You should have an account on your university’s HPC cluster:
Aalto: if you do not yet have access to Triton, request an account in advance.
Helsinki: Account notes at the bottom of this page
Tampere: your cluster will require ssh keys to connect.
Others: Aalto will provide you with a guest Triton account, check back for more information.
Participants are expected to have a SSH client installed (for options, see the Triton connecting tutorial for examples).
You should install Zoom. Hints on installation.
If you aren’t familiar with the Linux shell, read the crash course, watch the video, or watch the relevant preparatory video linked as part of the schedule.
Try to get connected to your cluster in advance. We have some time scheduled for this, but you need to also try in advance, or else we can’t keep up.
Aalto: connecting to Triton
Helsinki: general information
Tampere: Connecting to Narvi
Other preparation
How to attend this course:
Take this seriously. There is a lot of material and hands-on exercises. Don’t overbook your time, don’t skip hands-on parts, and come prepared.
Anyone may watch via Livestream, https://twitch.tv/coderefinery . Register anyway to get emails.
You will be given a Zoom link to join.
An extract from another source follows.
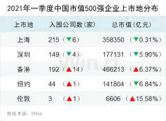 Wind最新发布2021年一季度中国上市企业市值500强榜单显示,截至3月31日,共有11家公司市值超1万亿元,数量较2020年末持平。腾讯控股、阿里巴巴、贵州茅台稳居前三位。 新进500强公司中

Join each session 10 minutes early.
Join with a name of “(University) First Last”, e.g. “(Aalto) Richard Darst”. This will help us to put people into university-specific breakout rooms.
There will be a <HackMD.io> document sent to all participants. This is for communication an asking questions. Read more about how this works here
Always write new questions or comments at the bottom of the document.
Moderators will follow the developments, and answer questions and comments. You may get several answers from different perspectives, even. Our focus is the bottom, but we will scan the whole document and keep it organized.
The final document (excluding personal data and questions about individual circumstances) will be published as the notes at the end.